Otro fortalecedor de las defensas es la participación ciudadana. Desde la cumbre de Lisboa, la Unión Europea ha insistido en la necesidad de fomentar la participación política. Esta idea estuvo en el origen de la propuesta europea de la asignatura de Educación para la Ciudadanía, tal como figura en el informe Crick y en el Programa Eurydice, de la Comisión Europea. Se ha producido una separación entre la sociedad política y la sociedad civil que no resulta sensata. La sociedad civil es esencialmente política, porque tiene que vivir en la polis, porque la vertebra un sistema legal, y se concreta en una serie de instituciones. La diferencia se da entre el Estado y la sociedad (que es a la vez política y civil). El Estado es una estructura para ejercer el poder, que emerge de la sociedad y se impone a ella. Y que la sociedad debe controlar.
INSTITUCIONES SUICIDAS

Queda un último punto: la necesidad de defender un marco ético. Lo mejor que se nos ha ocurrido para asegurar el progreso y la convivencia justa es un sistema con cuatro instituciones: democracia, tecnología, racionalidad científica y mercado libre. Pero tenemos que recordar que todas ellas son instituciones suicidas (o incluso asesinas) si no están sometidas a un marco ético. Dejadas a su propia dinámica pueden resultar destructivas para el ser humano. La ciencia no tiene nada que decir sobre ética; la tecnología carece de la noción del bien y del mal; el mercado dejado a su propia dinámica conduce al monopolio y al abuso; y la democracia no puede ser eficaz si no se somete a valores éticos fundamentales como, por otra parte, dice la Constitución española.
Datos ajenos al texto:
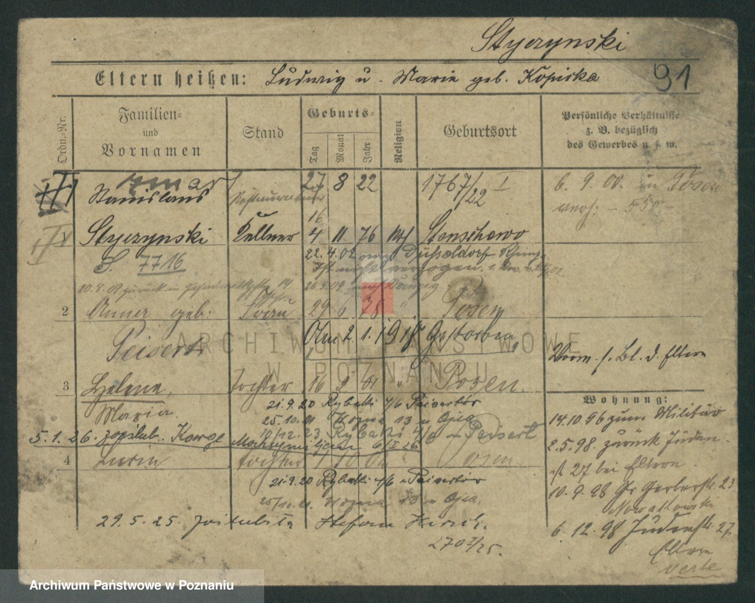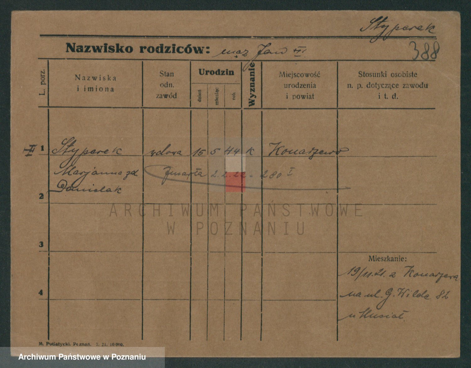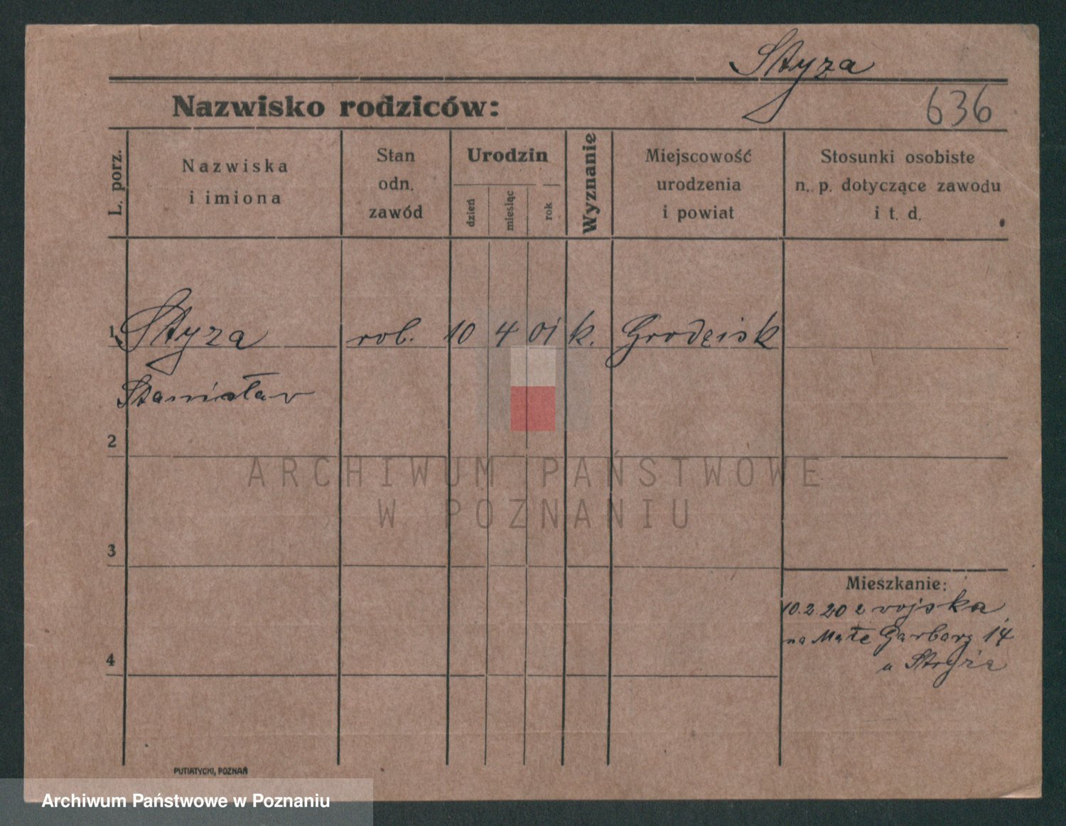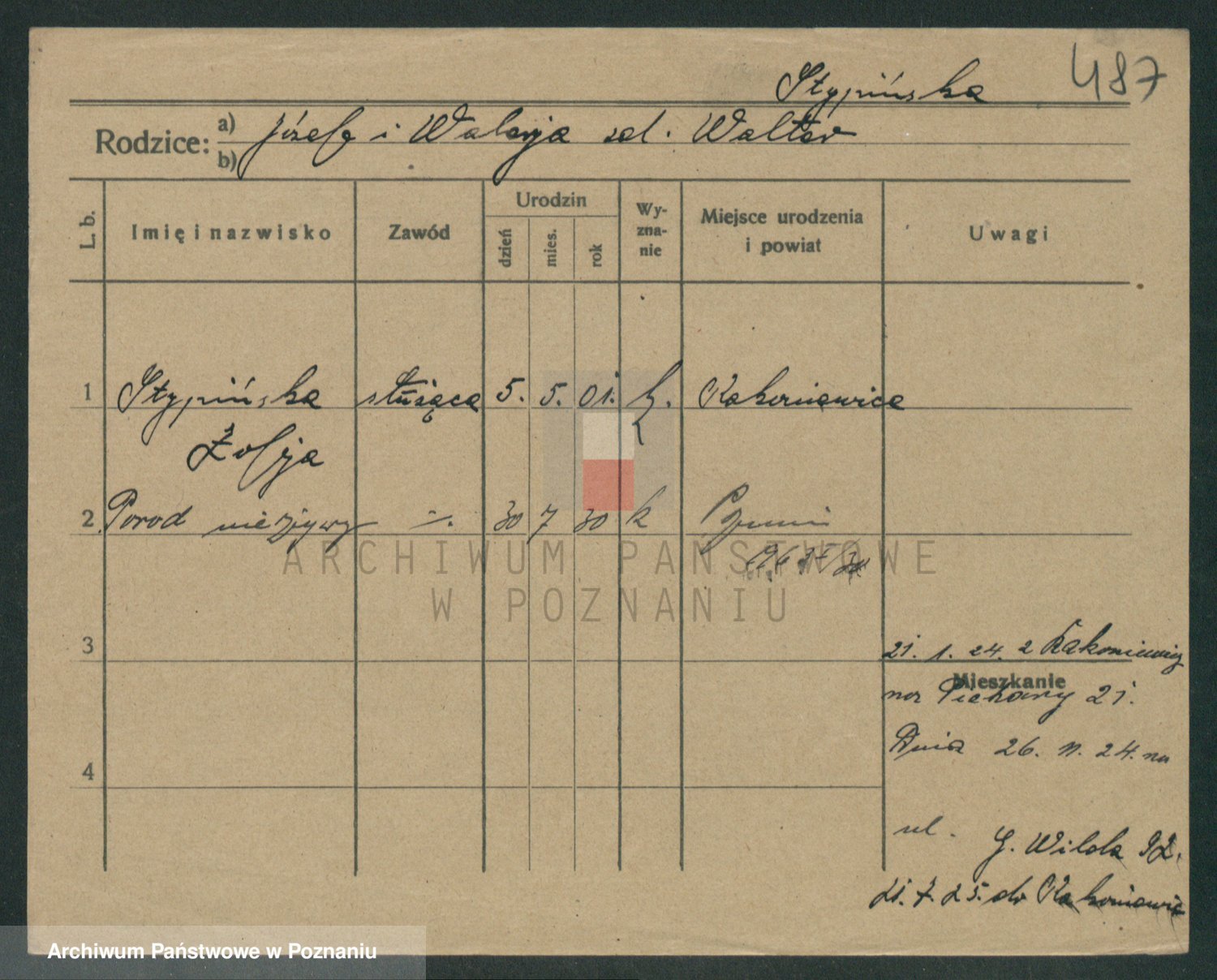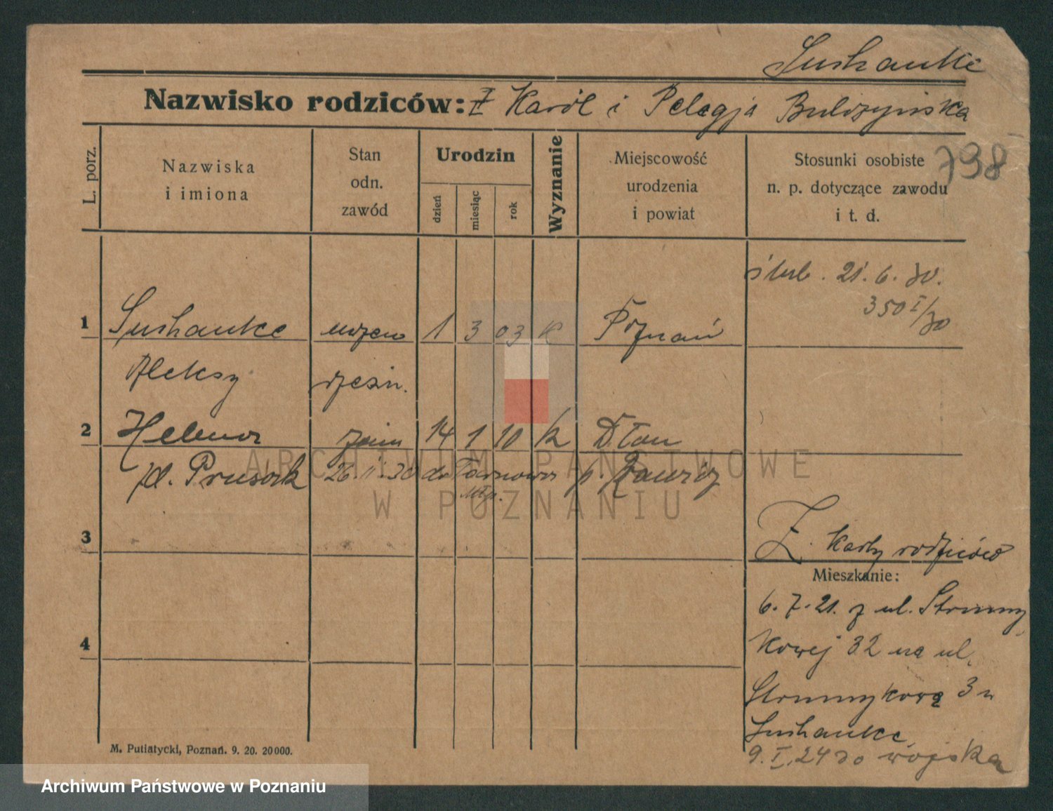 Podgląd karty osobowej dostępny jest po kliknięciu na nazwisko lub ikonkę karty. Można dokonywać powiększenia (ikony na górze) lub przechodzić między kolejnymi skanami (strzałki po bokach).

Los fundadores de la democracia moderna -que no fue la Revolución francesa, sino la americana- sabían que la democracia debe basarse en la virtud de los ciudadanos. La ética es una norma suave y eficiente de coacción social. La intolerancia hacia las conductas inmorales debe ser total, porque rompen la estructura misma de la convivencia. No son un adorno. Herodoto contaba que cuando moría el rey de Persia quedaban en suspenso durante cinco días todas las leyes. Eran cinco días de horror, durante los cuales se cometían todo tipo de tropelías. Se trataba de una pedagogía sanguinaria para enseñar al pueblo lo que supone vivir sin ley.

En este momento vivimos, afortunadamente, en un Estado de Derecho, pero hay que advertir que el Derecho es insuficiente para regular justamente la convivencia. Cuando alguien, ante un comportamiento indecente, grita: «Si tiene algo contra mí presente una querella ante el juez», está confundiendo las cosas. No toda deshonestidad es un delito.

Queda por mencionar el gran antídoto: la repulsa social. El sistema inmunitario orgánico aísla el virus, para que no se expanda. Eso es lo que debe hacer la sociedad. El desprecio social, el aislamiento, el rechazo, son terapias contundentes. Y, en sentido contrario, el respeto, la admiración, el aplauso, la protección a quienes actúan éticamente. La educación es pieza esencial en esta terapia de ataque. Debemos recuperar la confianza en que es posible aplicarla con éxito. Como decía un famoso grafiti: «Hay que dejar el pesimismo para tiempos mejores».